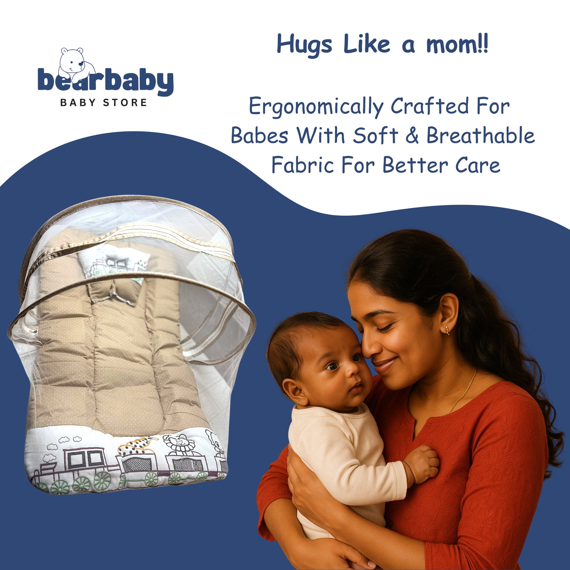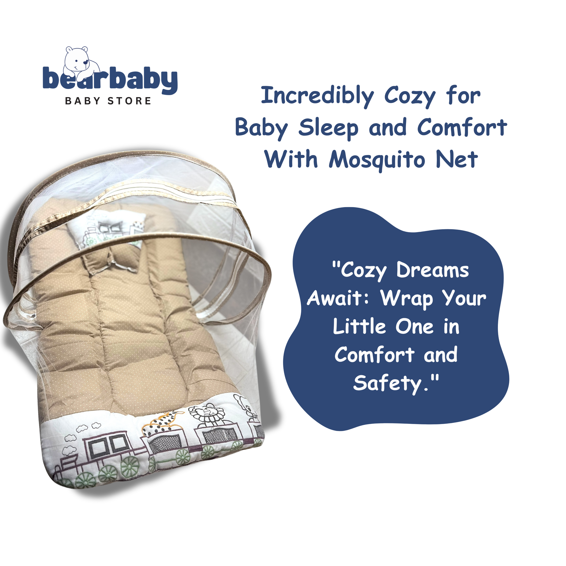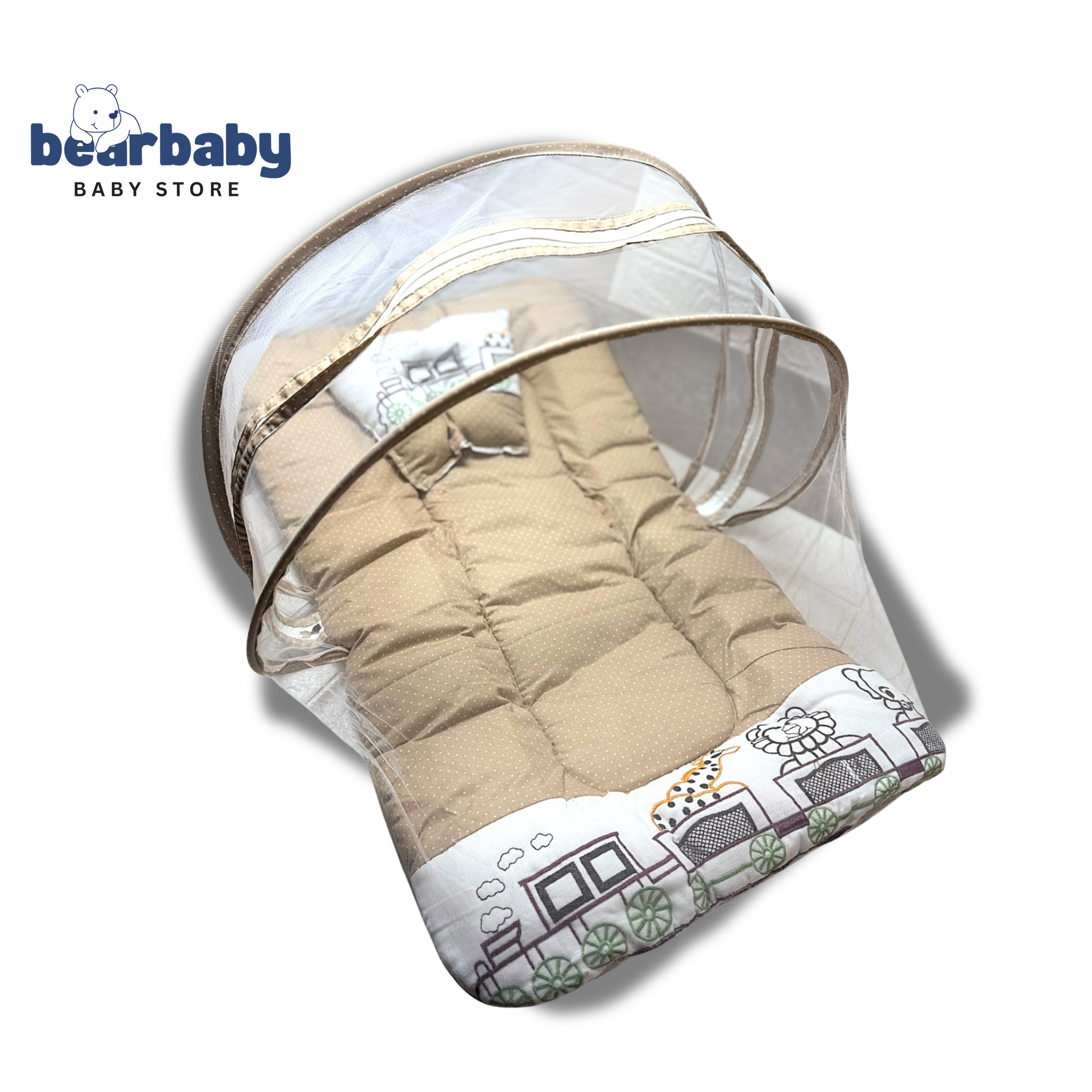BearBaby Premium Baby Cotton Mattress Sleeping Bag with Mosquito Net & Free Pillow | Soft, Foldable Newborn Bedding Set (0–12 Months) CREAM
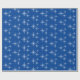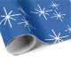 Navidades de papel envolvente con motivos de copos de nieve, con fondo azul y copos de nieve blancos. Ideal para añadir un toque de invierno a tus regalos de vacaciones.
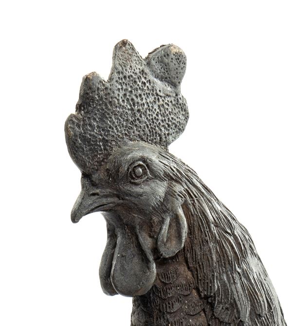 Coppia di gallo e gallina in bronzo
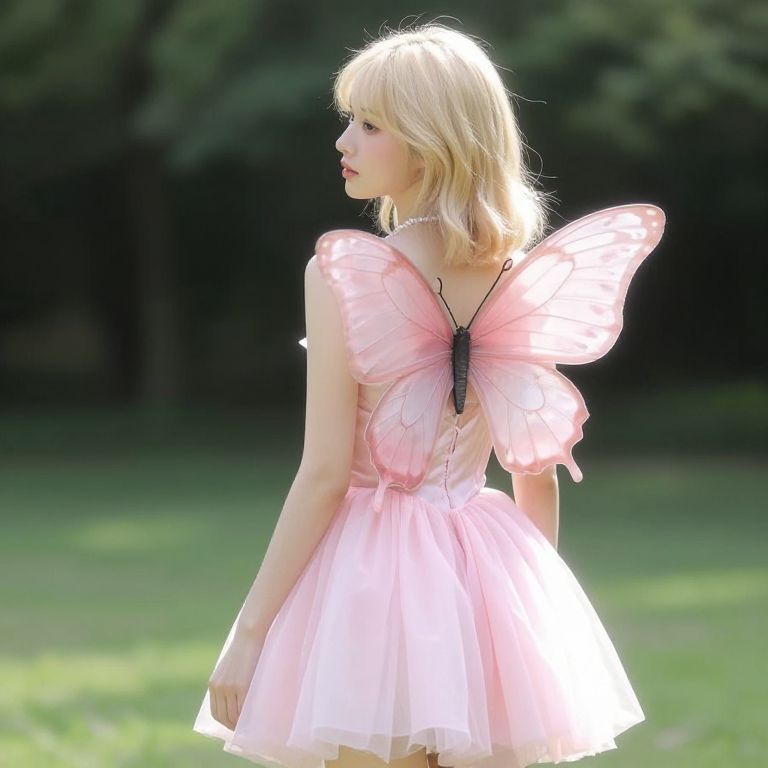 Girl with blonde hair wearing a pink dress with a butterfly wings on her back.
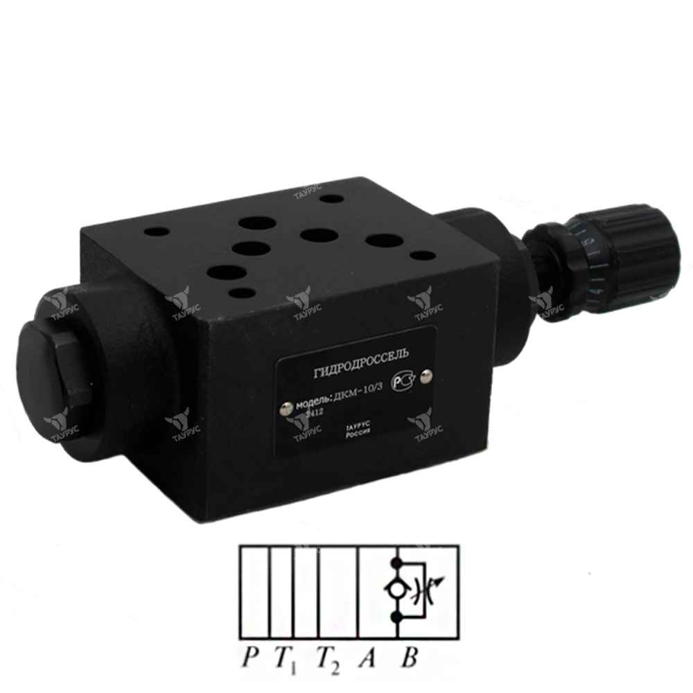 Гидродроссель с обратным клапаном ДКМ-10/3МВ с условным проходом Ду=10, номинальным давлением на входе 32 МПа обычно входит в комплекс модульной гидроаппаратуры и предназначен для создания перепада давлений между подводимым и отводимым потоками рабочей жидкости или регулирования величины расхода при прохождении потока рабочей жидкости в одном направлении и пропускании потока при прохождении его в обратном направлении в гидросистемах станков, прессов и других машин. В исполнении ДКМ 10/3 МВ дроссель установлен в линии В.
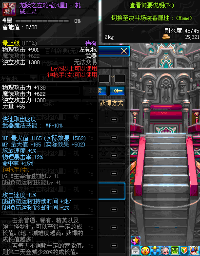 | 75 | 龙跃之左轮枪[4星] – 机械之灵 | *完成二次觉醒任务后可以从NPC小铁柱处获得此道具。 | ||
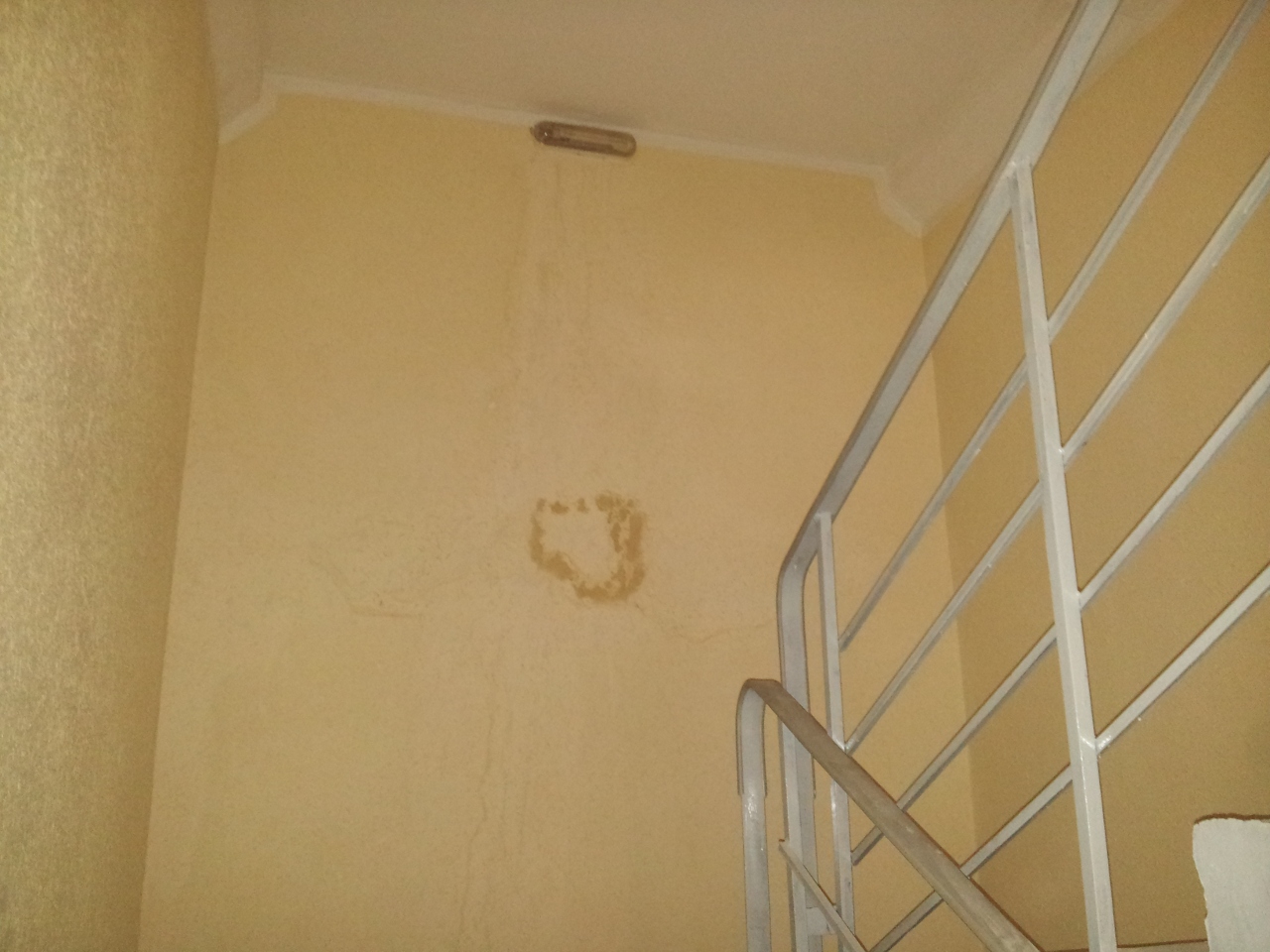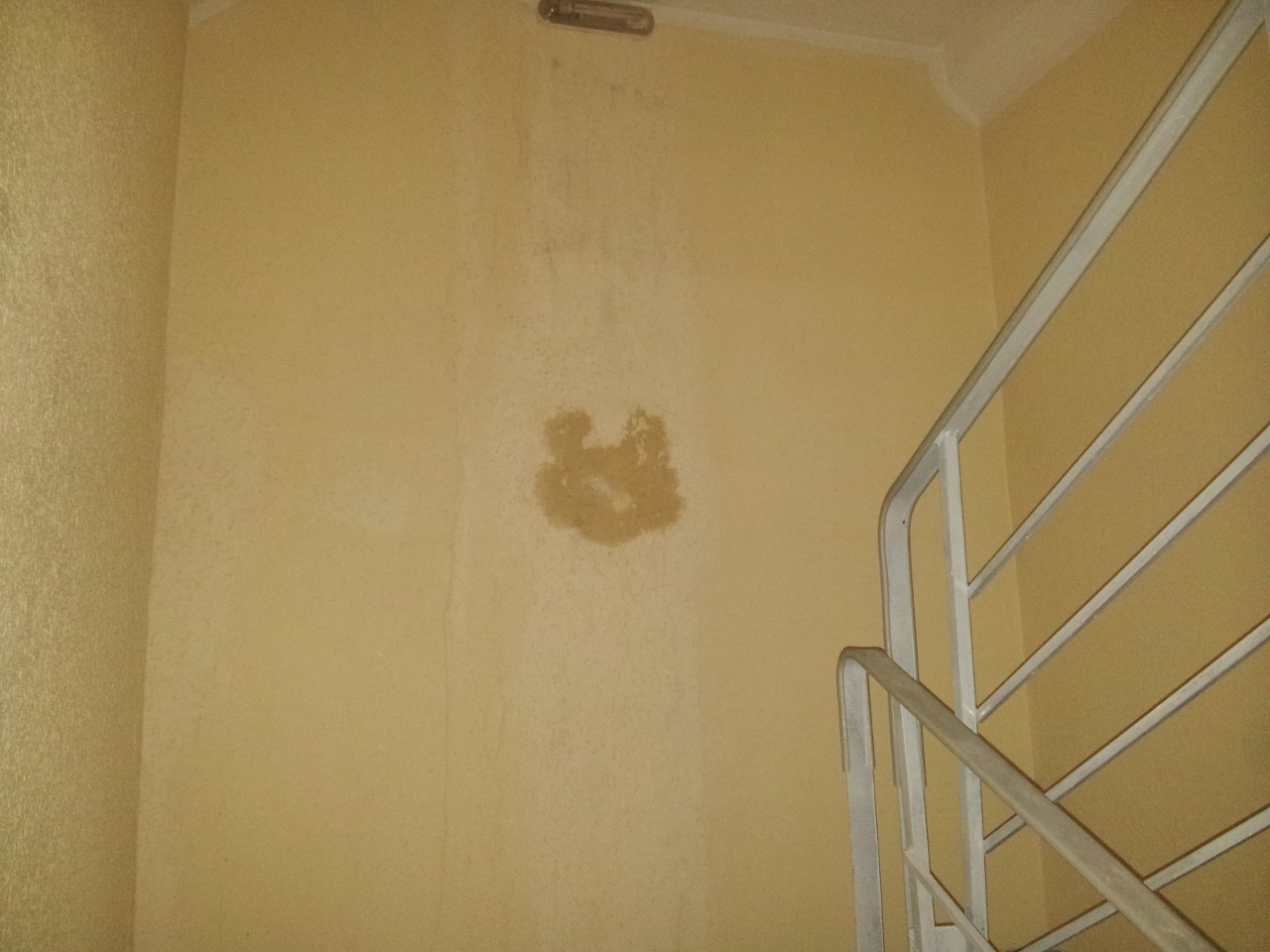 В 5ом корпусе, 1 подъезде обнаружил на лестничном марше хорошие подтёки. Заметил на ходу, не сразу, в районе 8 этажа, но распространяется он и ниже, и начинается - ещё выше.

-=-=-=-=-

_Exercise requirements_
Could you transcribe exactly the entries above, but only the lines from the one with "Гидродроссель с обратным" through the one with "机械之灵 | *完成二次觉醒任务后可以从NPC小铁柱处获得此道具。 | ||", and without pictures?

_Expected output_
 Гидродроссель с обратным клапаном ДКМ-10/3МВ с условным проходом Ду=10, номинальным давлением на входе 32 МПа обычно входит в комплекс модульной гидроаппаратуры и предназначен для создания перепада давлений между подводимым и отводимым потоками рабочей жидкости или регулирования величины расхода при прохождении потока рабочей жидкости в одном направлении и пропускании потока при прохождении его в обратном направлении в гидросистемах станков, прессов и других машин. В исполнении ДКМ 10/3 МВ дроссель установлен в линии В.
 | 75 | 龙跃之左轮枪[4星] – 机械之灵 | *完成二次觉醒任务后可以从NPC小铁柱处获得此道具。 | ||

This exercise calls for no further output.